***** Material for this task

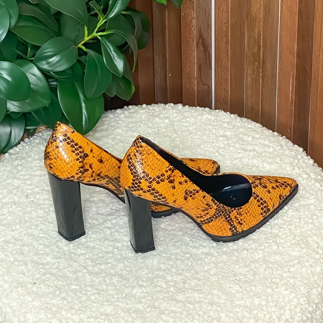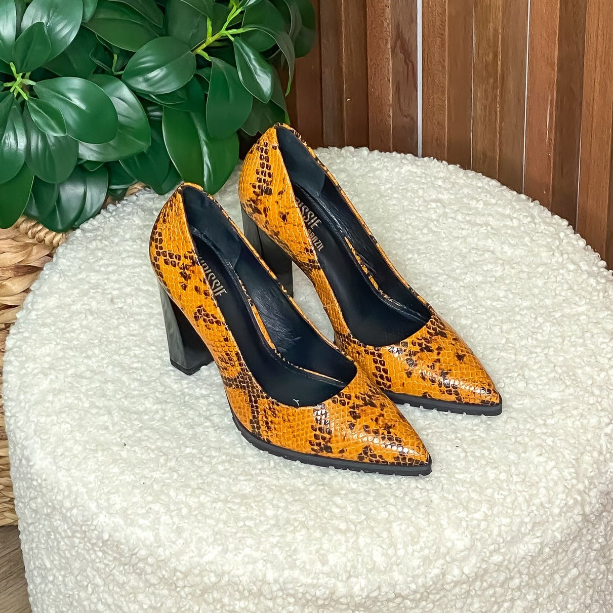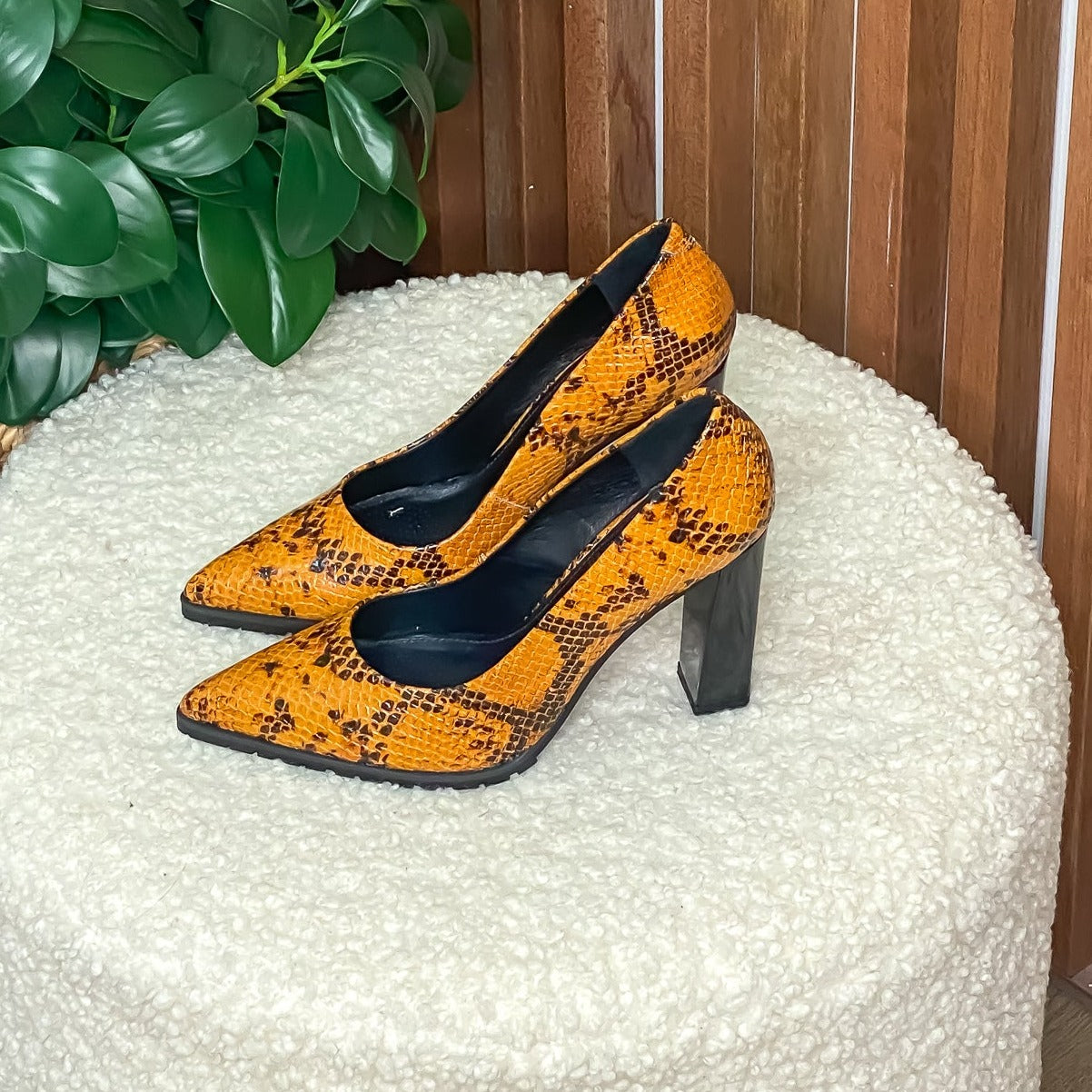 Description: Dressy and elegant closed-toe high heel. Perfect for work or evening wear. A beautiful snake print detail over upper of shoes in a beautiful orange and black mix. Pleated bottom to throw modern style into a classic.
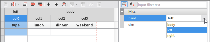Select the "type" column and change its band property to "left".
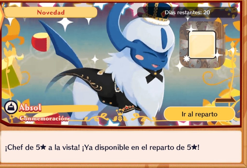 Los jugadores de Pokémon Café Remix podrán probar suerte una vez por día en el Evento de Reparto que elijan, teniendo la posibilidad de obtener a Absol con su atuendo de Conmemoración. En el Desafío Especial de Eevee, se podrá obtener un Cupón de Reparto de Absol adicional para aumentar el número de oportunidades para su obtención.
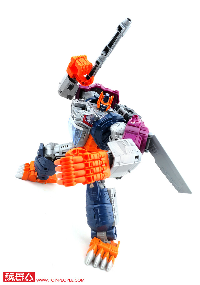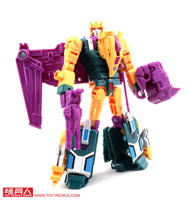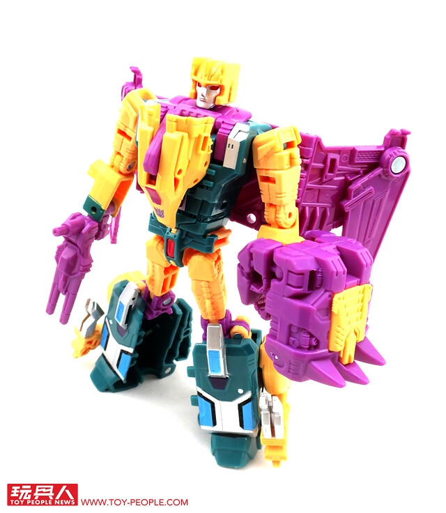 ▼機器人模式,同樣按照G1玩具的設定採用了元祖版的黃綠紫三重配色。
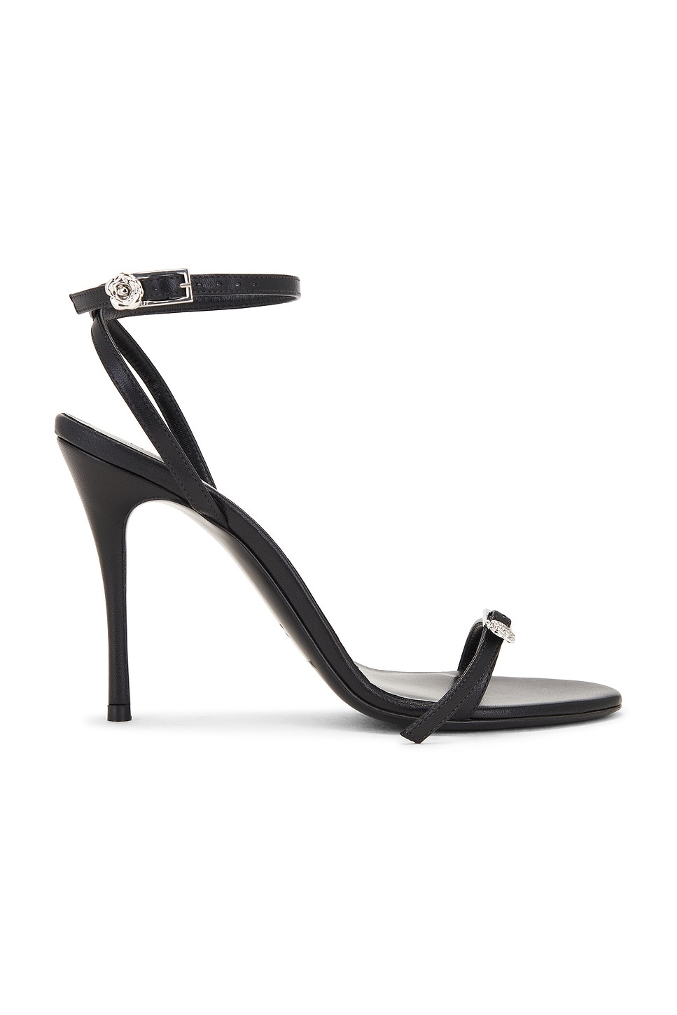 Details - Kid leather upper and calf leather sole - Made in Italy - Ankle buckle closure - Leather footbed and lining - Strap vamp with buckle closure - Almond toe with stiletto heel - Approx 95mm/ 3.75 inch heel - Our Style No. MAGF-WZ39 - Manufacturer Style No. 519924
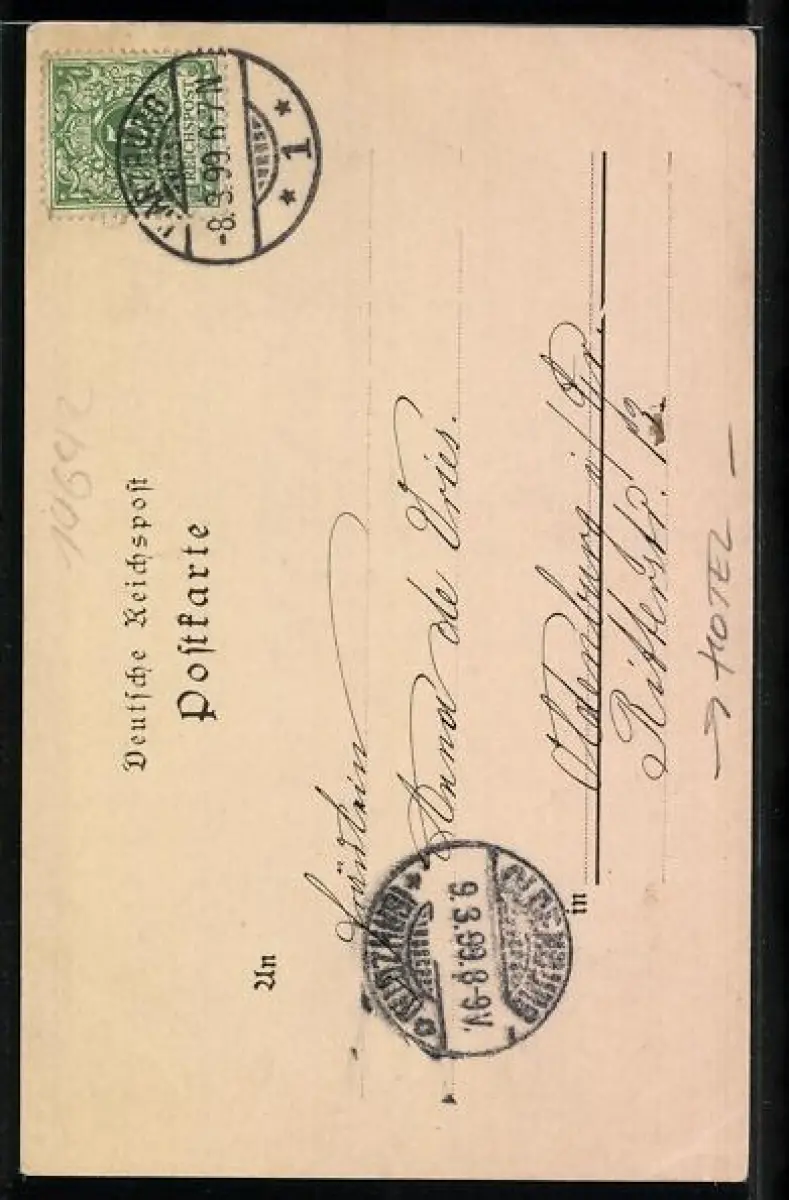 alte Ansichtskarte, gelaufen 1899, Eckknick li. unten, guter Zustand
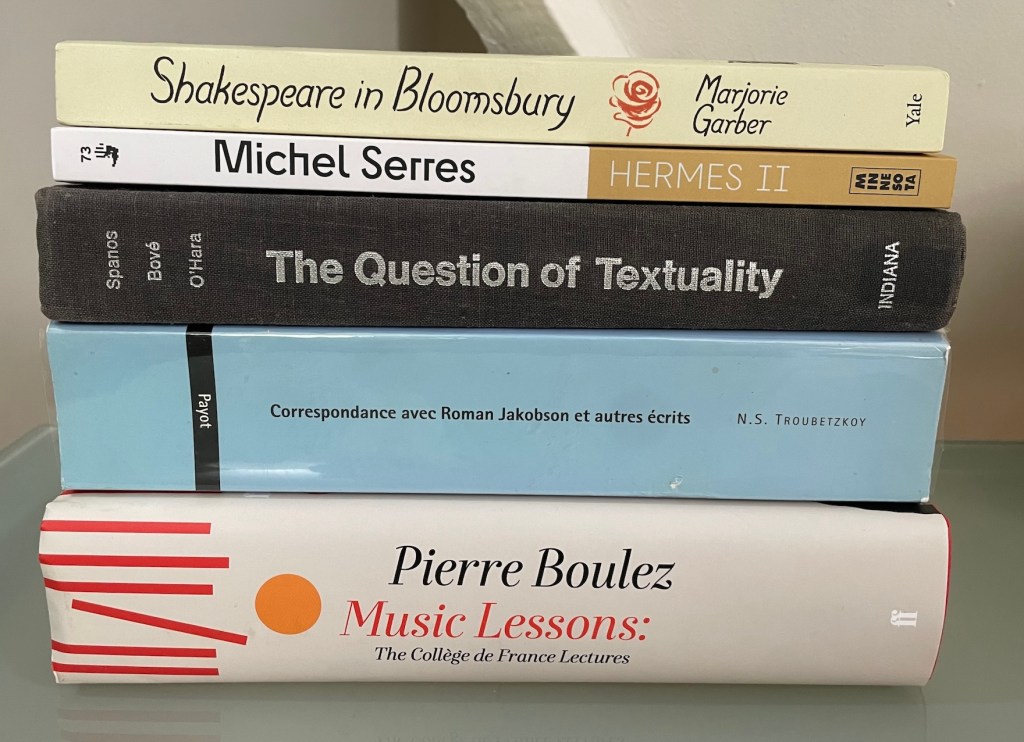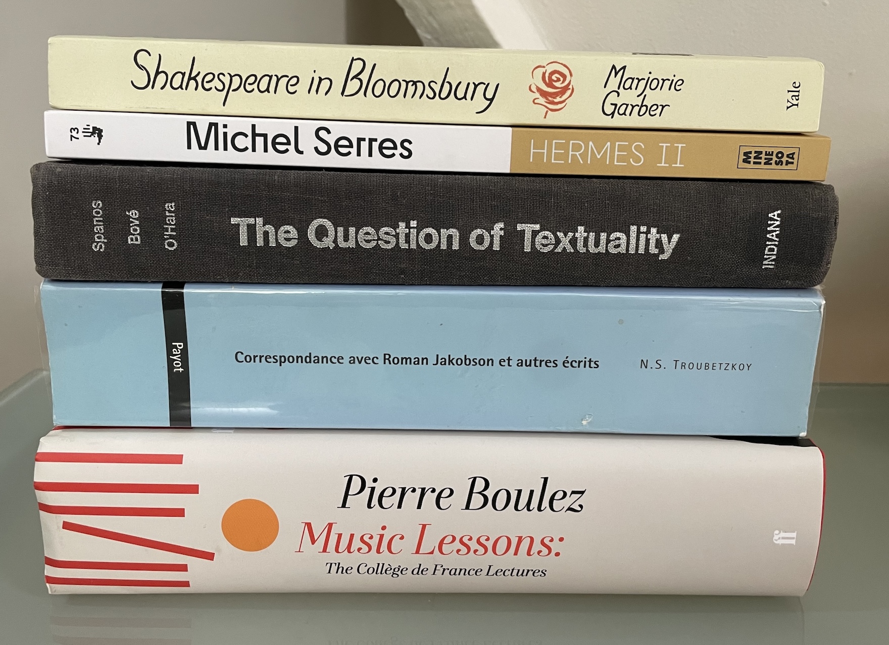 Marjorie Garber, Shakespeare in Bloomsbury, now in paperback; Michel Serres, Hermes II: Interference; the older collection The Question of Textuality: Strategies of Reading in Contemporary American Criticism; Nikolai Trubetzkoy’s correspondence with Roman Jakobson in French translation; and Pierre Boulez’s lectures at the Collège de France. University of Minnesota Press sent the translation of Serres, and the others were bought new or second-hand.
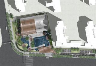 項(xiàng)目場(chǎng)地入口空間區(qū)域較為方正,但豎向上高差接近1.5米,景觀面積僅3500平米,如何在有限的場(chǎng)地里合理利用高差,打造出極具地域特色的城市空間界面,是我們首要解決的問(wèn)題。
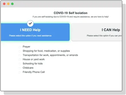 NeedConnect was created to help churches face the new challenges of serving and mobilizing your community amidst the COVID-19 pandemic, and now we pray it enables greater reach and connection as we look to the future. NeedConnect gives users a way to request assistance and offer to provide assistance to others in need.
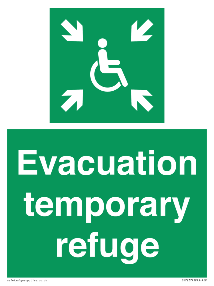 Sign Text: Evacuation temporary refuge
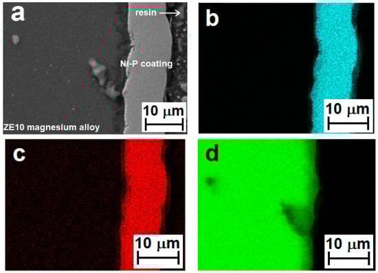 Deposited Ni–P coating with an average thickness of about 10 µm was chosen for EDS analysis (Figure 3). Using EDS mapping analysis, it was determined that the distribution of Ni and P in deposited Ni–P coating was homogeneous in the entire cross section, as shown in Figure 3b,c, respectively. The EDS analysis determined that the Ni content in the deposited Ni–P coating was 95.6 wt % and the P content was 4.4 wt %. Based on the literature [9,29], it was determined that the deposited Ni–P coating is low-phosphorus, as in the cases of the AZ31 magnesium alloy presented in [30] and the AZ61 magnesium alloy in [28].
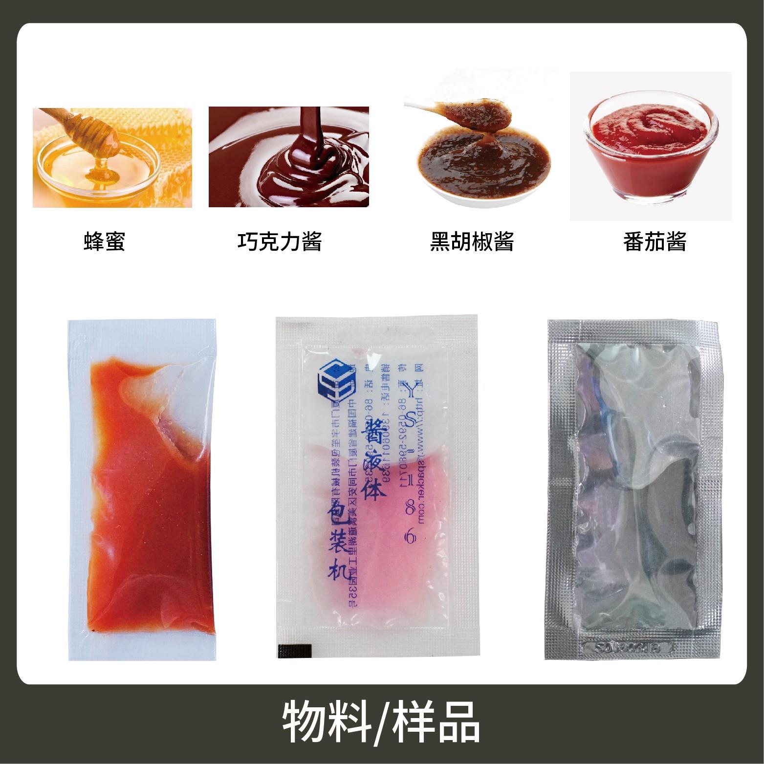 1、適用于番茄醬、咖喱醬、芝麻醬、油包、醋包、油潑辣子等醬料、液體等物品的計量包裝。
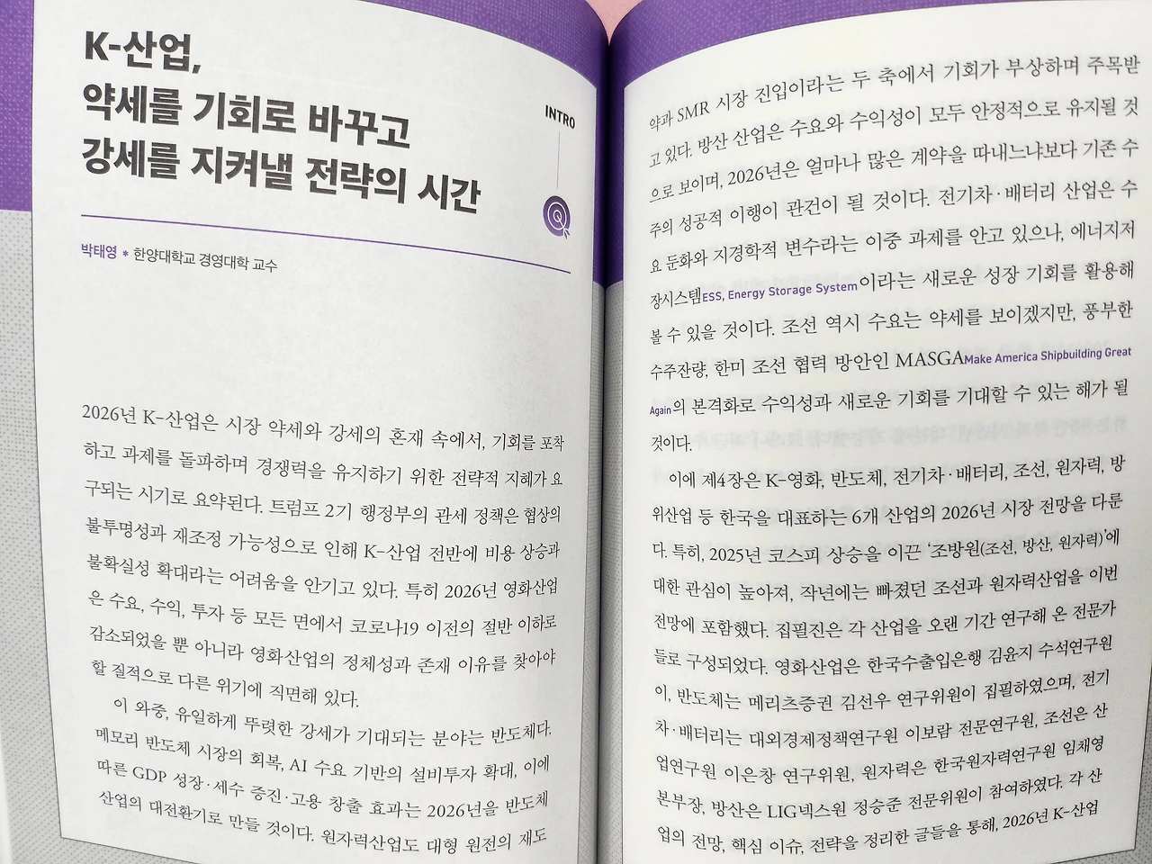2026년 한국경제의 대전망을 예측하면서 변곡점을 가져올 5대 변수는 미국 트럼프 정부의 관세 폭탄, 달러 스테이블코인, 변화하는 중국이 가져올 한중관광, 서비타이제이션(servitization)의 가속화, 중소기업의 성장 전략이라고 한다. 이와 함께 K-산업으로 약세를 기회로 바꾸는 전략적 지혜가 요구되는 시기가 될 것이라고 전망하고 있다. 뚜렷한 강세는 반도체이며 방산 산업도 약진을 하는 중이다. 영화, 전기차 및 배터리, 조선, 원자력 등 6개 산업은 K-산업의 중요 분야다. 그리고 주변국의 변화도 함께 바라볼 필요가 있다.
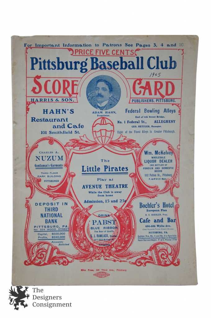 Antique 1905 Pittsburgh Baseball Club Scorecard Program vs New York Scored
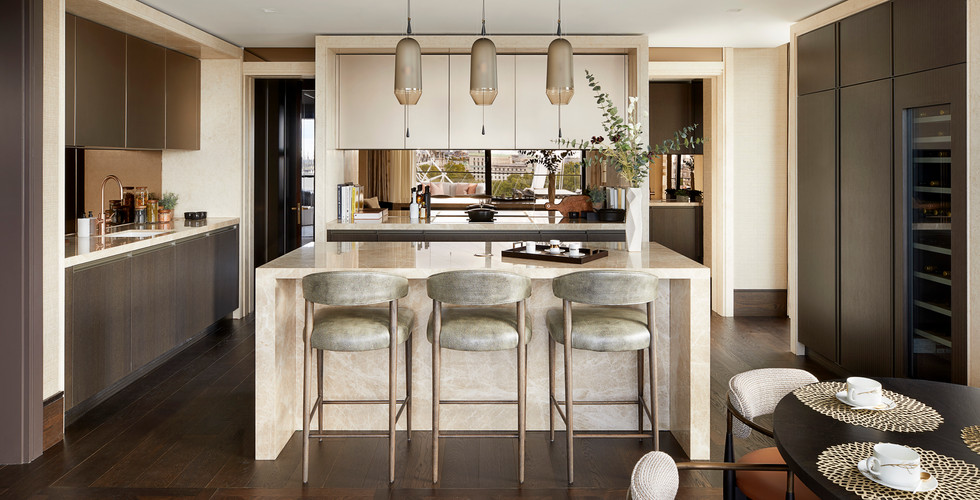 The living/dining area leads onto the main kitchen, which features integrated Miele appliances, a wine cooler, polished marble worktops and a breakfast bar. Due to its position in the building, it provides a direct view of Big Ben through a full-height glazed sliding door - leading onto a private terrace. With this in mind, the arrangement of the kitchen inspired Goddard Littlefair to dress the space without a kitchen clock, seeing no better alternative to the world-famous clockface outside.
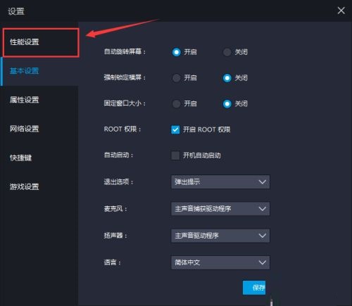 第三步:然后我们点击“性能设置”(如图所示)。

**********

Extract from the material above the stretch running from the line containing "Details - Kid" through the line containing "alte Ansichtskarte, gelaufen". Keep the text exact and the pictures out.

 Details - Kid leather upper and calf leather sole - Made in Italy - Ankle buckle closure - Leather footbed and lining - Strap vamp with buckle closure - Almond toe with stiletto heel - Approx 95mm/ 3.75 inch heel - Our Style No. MAGF-WZ39 - Manufacturer Style No. 519924
 alte Ansichtskarte, gelaufen 1899, Eckknick li. unten, guter Zustand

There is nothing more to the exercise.